This configuration uses OSPF as the routing protocol.

cumulus@leaf01$ cat /etc/frr/frr.conf
frr version 3.1+cl3u1
frr defaults datacenter
ip import-table 10 route-map REDIST_NEIGHBOR
username cumulus nopassword
!
service integrated-vtysh-config
!
log syslog informational
!
router bgp 65001
 !
 address-family ipv4 unicast
  redistribute table 10
 exit-address-family
!
route-map REDIST_NEIGHBOR permit 10 
 match interface swp1
!
route-map REDIST_NEIGHBOR permit 20 
 match interface swp2
!
router ospf
  redistribute table 10
!
line vty
!

Configuring the Host(s)

There are a few possible host configurations that range in complexity. This document only covers the basic use case: dual-connected Linux hosts with static IP addresses assigned.

Additional host configurations will be covered in future separate knowledge base articles.

Configuring a Dual-connected Host

Configure a host with the same /32 IP address on its loopback (lo) and uplinks (in this example, eth1 and eth2). This is done so both leaf switches advertise the same /32 regardless of the interface. Cumulus Linux relies on ECMP to load balance across the interfaces southbound, and an equal cost static route (see the configuration below) for load balancing northbound.

The loopback hosts the primary service IP address(es) and to which you can bind services.

Configure the loopback and physical interfaces. Referring back to the topology diagram, server01 is connected to leaf01 via eth1 and to leaf02 via eth2. You should note:

  • The loopback IP is assigned to lo, eth1 and eth2.
  • The post-up ARPing is used to force the host to ARP as soon as its interface comes up. This allows the leaf to learn about the host as soon as possible.
  • The post-up ip route replace is used to install a default route via one or both leaf nodes if both swp1 and swp2 are up.

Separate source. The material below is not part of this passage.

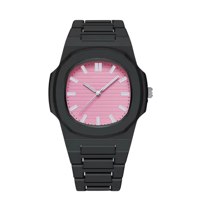 - Dial: Pink with horizontal stripe pattern and white hour markers

     Click here to expand...
    user@server01:$ cat /etc/network/interfaces
    # The loopback network interface
    auto lo
    iface lo inet loopback
    
    auto lo:1
    iface lo:1
      address 10.1.0.101/32
    
    auto eth1
    iface eth1
      address 10.1.0.101/32
      post-up for i in {1..3}; do arping -q -c 1 -w 0 -i eth1 10.0.0.11; sleep 1; done
      post-up ip route add 0.0.0.0/0 nexthop via 10.0.0.11 dev eth1 onlink nexthop via 10.0.0.12 dev eth2 onlink || true
          
    auto eth2
    iface eth2
      address 10.1.0.101/32
      post-up for i in {1..3}; do arping -q -c 1 -w 0 -i eth2 10.0.0.12; sleep 1; done
      post-up ip route add 0.0.0.0/0 nexthop via 10.0.0.11 dev eth1 onlink nexthop via 10.0.0.12 dev eth2 onlink || true

Installing ifplugd

Additionally, install and use ifplugdifplugd modifies the behavior of the Linux routing table when an interface undergoes a link transition (carrier up/down). The Linux kernel by default leaves routes up even when the physical interface is unavailable (NO-CARRIER).

After you install ifplugd, edit /etc/default/ifplugd as follows, where eth1 and eth2 are the interface names that your host uses to connect to the leaves.

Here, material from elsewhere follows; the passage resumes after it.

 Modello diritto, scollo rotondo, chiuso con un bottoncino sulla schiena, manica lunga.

user@server01:$ cat /etc/default/ifplugd
INTERFACES="eth1 eth2"
HOTPLUG_INTERFACES=""
ARGS="-q -f -u10 -d10 -w -I"
SUSPEND_ACTION="stop"

For full instructions on installing ifplugd on Ubuntu, follow this guide.

Known Limitations

TCAM Route Scale

This feature adds each ARP entry as a /32 host route into the routing table of all switches within a summarization domain. Take care to keep the number of hosts minus fabric routes under the TCAM size of the switch. Review the Cumulus Networks datasheets for up to date scalability limits of your chosen hardware platforms. If in doubt, contact Cumulus Networks support or your Cumulus Networks CSE; they will be happy to help.

Possible Uneven Traffic Distribution

Linux uses source L3 addresses only to do load balancing on most older distributions.

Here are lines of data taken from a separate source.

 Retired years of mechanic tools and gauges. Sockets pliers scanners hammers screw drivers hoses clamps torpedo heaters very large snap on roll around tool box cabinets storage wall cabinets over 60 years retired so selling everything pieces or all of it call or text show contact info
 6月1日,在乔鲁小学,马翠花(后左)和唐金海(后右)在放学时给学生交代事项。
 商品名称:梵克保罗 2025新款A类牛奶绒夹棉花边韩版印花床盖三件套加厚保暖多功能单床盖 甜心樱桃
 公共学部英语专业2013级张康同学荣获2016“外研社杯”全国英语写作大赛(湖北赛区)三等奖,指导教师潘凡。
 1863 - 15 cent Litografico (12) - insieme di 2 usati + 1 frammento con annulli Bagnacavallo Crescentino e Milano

Silent Hosts Never Receive Traffic

Freshly provisioned hosts that have never sent traffic may not ARP for their default gateways. The post-up ARPing in /etc/network/interfaces on the host should take care of this. If the host does not ARP, then rdnbrd on the leaf cannot learn about the host.

Support for IPv4 Only

This release of redistribute neighbor supports IPv4 only.

VRFs Are not Supported

This release of redistribute neighbor does not support VRFs.

Only 1024 Interfaces Supported

Redistribute neighbor does not work with more than 1024 interfaces. Doing so can cause the rdnbrd service to crash.

Troubleshooting

  • How do I determine if rdnbrd (the redistribute neighbor daemon) is running?

    Use systemd to check:

    cumulus@leaf01$ systemctl status rdnbrd.service 
    * rdnbrd.service - Cumulus Linux Redistribute Neighbor Service
     Loaded: loaded (/lib/systemd/system/rdnbrd.service; enabled)
     Active: active (running) since Wed 2016-05-04 18:29:03 UTC; 1h 13min ago
     Main PID: 1501 (python)
     CGroup: /system.slice/rdnbrd.service
     `-1501 /usr/bin/python /usr/sbin/rdnbrd -d
  • How do I change rdnbrd's default configuration?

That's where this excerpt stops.